Copy the final lines exactly, starting at the one that contains "PASTILLA DE FRENO" and ending with the last line of the listing below. Pictures are not part of the copy.
[Given data]
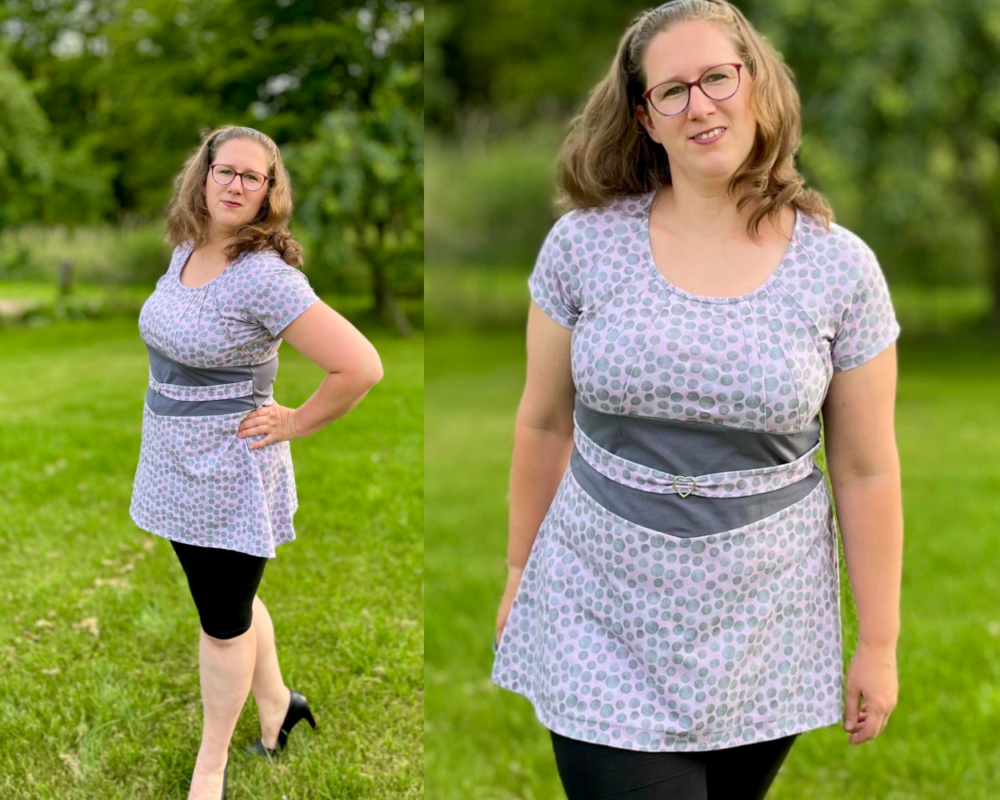 Arimoora kann als Tunika, Kleid oder Maxikleid genäht werden und bringt viele Optionen von einfachen bis aufwendigeren Umsetzungen mit. Das Schnittmuster benötigt etwas Aufmerksamkeit, da es stets beim ersten Nähen eine auf dich ausgerichtete Anpassung benötigt. Diese lässt sich schnell und einfach vornehmen mit den Hinweisen im Ebook, sodass deiner perfekten Arimoora nichts mehr im Wege steht und du dich mit den Varianten des Schnittes wunderbar austoben kannst. Der Schnitt bringt grundsätzlich ein Raglanoberteil mit Biesenoptik mit, hat ein gerafftes Rockteil oder ein weites A-Linienrockteil zur Verfügung und kann mit verschiedenen Ärmeln sowie einer Bindevariante stets neu erfunden werden. Allen Varianten gemeinsam ist das Mittelteil, welches Spitz zuläuft. Optional kannst du dieses aber auch gemeinsam mit dem A-Linienrockteil zu- schneiden und erhältst damit eine Arimoora ohne Mittelteil, falls du hier keine Absetzung wünschst. Die Ärmel, die das Schnittmuster enthält sind Folgende: normaler Ärmel in kurz und lang, glockiger Ärmel mit optionaler Bandraffung, ein Volantärmel oder ein geraffter, weiter Ärmel. Ebenfalls enthalten ist die Anleitung zu einer Bindevariante, welche durch das Einfassen der Armausschnitte und des Halsausschnittes entsteht. Arimoora verfügt in all ihren Rockteillängen auch jeweils über eine Vokuhilaversion (Ausnahme Tunika). Das leicht gespreizte vordere Rockteil der A-Linienversion sorgt für Freiraum am Bauch und lässt das Rockteil in leichten Wellen seitlich abschließen.
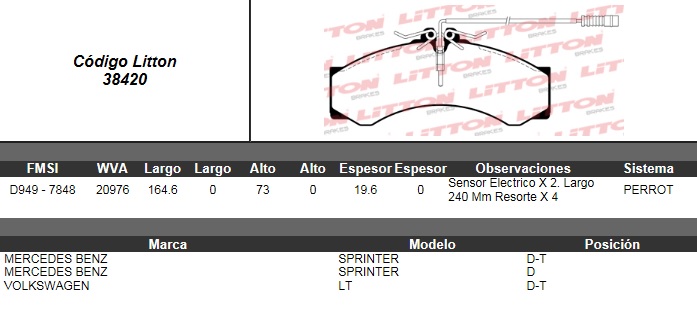 PASTILLA DE FRENO MERCEDES BENZ SPRINTER 412 D. 99> DEL./TRAS. C/SENSOR ULT. (0377) (PD/111-A)
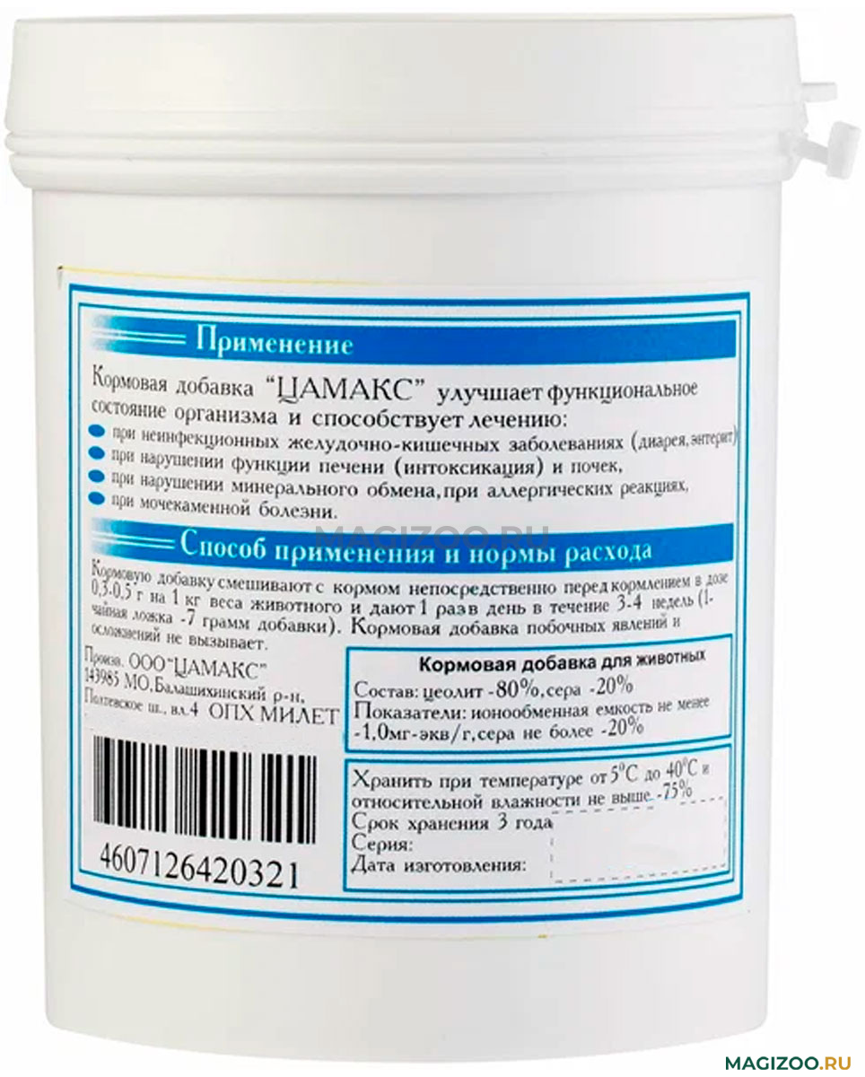 ЦАМАКС – это уникальных препараты для животных и птиц на основе природных цеолитов (сорбентов).
[/Given data]
**Answer space**.
 PASTILLA DE FRENO MERCEDES BENZ SPRINTER 412 D. 99> DEL./TRAS. C/SENSOR ULT. (0377) (PD/111-A)
 ЦАМАКС – это уникальных препараты для животных и птиц на основе природных цеолитов (сорбентов).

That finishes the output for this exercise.